Skip to content

Data is data

My new motto for 2013 is: “data is data”. What does that mean (aside from being a tautology)? It means that data has a set of behaviors and a “personality” all it own, very much distinct from its underlying subject matter, or from what format it’s in. Ultimately, the fact that a table of data holds an ID field, three string fields and a date, and that it has 300 rows, says more about how to display and interface with it than the fact that it’s an elementary school activity listing, or a description of video game characters, or top-secret military information, or the results of biotech research. And the fact that the data is in an Excel spreadsheet, or a database, or embedded as RDF in a web page, shouldn’t matter either.

What is data?

I should first define what I mean by data. I’m talking about anything that is stored as fields – slots where the meaning of some value can be determined by the name or location of that value. And it should be information that represents something about the outside world.

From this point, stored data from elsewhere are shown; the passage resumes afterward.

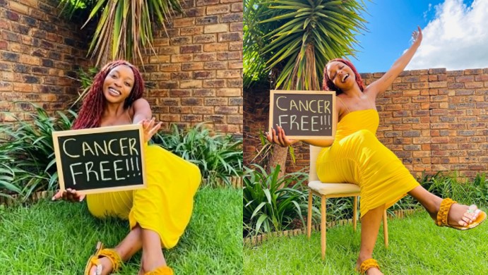She shared photos of herself celebrating being cancer free and said she is brave enough to share the good news with the public.
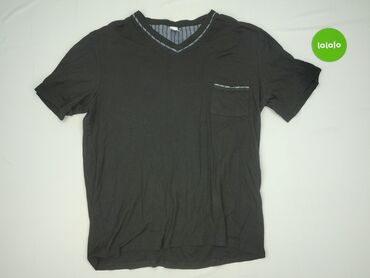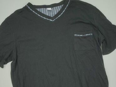 Czarna koszulka męska z dekoltem w serek (V-neck) - Rozmiar: XL (metka widoczna na zdjęciu) - Krój: klasyczny, krótkie rękawy - Kolor: czarny, gładki, bez nadruku - Materiał: miękki, elastyczny dzi...
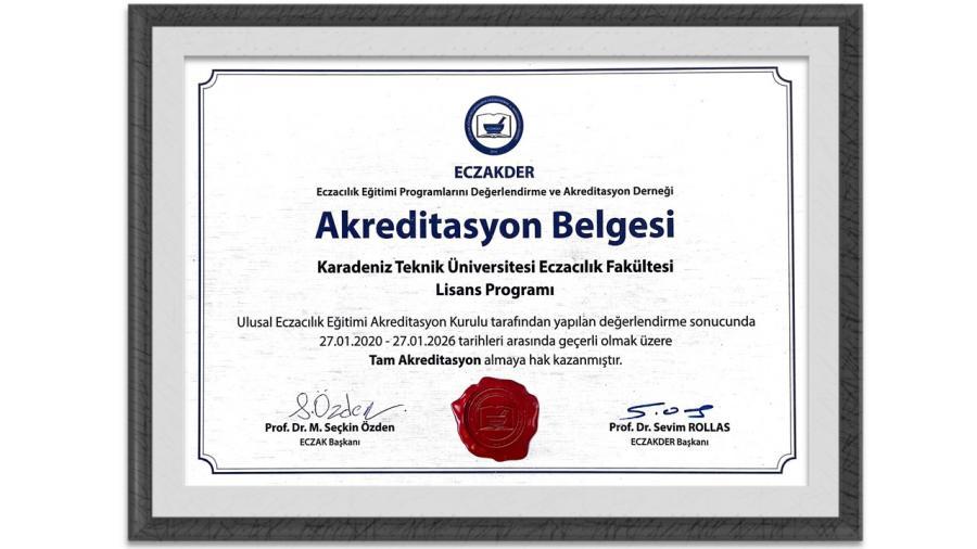 Karadeniz Teknik Üniversitesi Eczacılık Fakültesi, 10.01.2018 tarihinde başvuru yaparak başlatmış olduğu Akreditasyon sürecini Ulusal Eczacılık Eğitimi Akreditasyon Kurulu (ECZAK)’nun Eczacılık Eğitimi Programlarını Değerlendirme ve Akreditasyon Derneği (ECZAKDER)’nin değerlendirmeleri sonucunda tamamlamış olup, 27.01.2020 tarihinden itibaren 6 (altı) yıl süre “Tam Akreditasyon” almaya hak kazanmıştır.
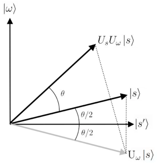 The operator is a reflection at the hyperplane orthogonal to for vectors in the plane spanned by and , i.e. it acts as a reflection across . The operator is a reflection through . Therefore, the state vector remains in the plane spanned by and after each application of the operators and , and it is straightforward to check that the operator of each Grover iteration step rotates the state vector by an angle of .
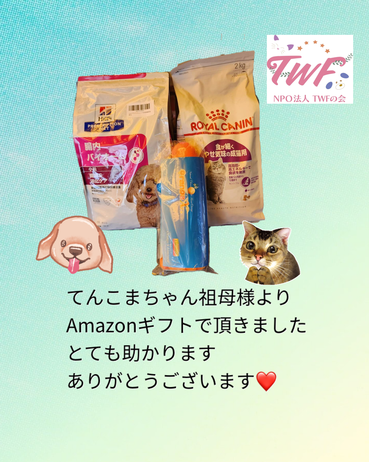Amazonギフトで頂きました 2025 8/01 INFORMATION Thanks! 2025年7月29日2025年8月1日 Amazonギフトより、ドックフード、キャットフード、オレンジエックスをご寄付頂きました。てんこまちゃん祖母様、温かいご支援、お心遣い、誠にありがとうございます。 INFORMATION Thanks! よかったらシェアしてね! URLをコピーしました! ドッグフードと猫砂をご寄付頂きました ご寄付を頂きました。 おすすめ記事 品物のご寄付を頂きました 2026年2月7日 品物のご寄付を頂きました 2026年2月6日 大切なお知らせ 2026年2月6日 ご寄付を頂きました✨ 2026年1月28日 ご寄付を頂きました 2026年1月26日 品物のご寄付いただきました✨ 2026年1月25日 オレンジX、ごみ袋をご寄付頂きました 2026年1月24日 品物のご寄付を頂きました。 2026年1月20日

For that latter reason, I don’t think that information related to communication – whether it’s email, blog posts, microblogs and status updates, discussion forums and so on – is truly data, though it’s usually stored in databases. It’s not intended to represent anything beyond itself – there’s data about it (who wrote it and when, etc.), but the communication itself is not really data. Tied in with that, there’s rarely a desire to display such communications in a venue other than where it was originally created. (Communication represents the vast majority of information in social networking sites, but it’s not the only information – there’s also real data, like users’ friends, interests, biographical information and so on.)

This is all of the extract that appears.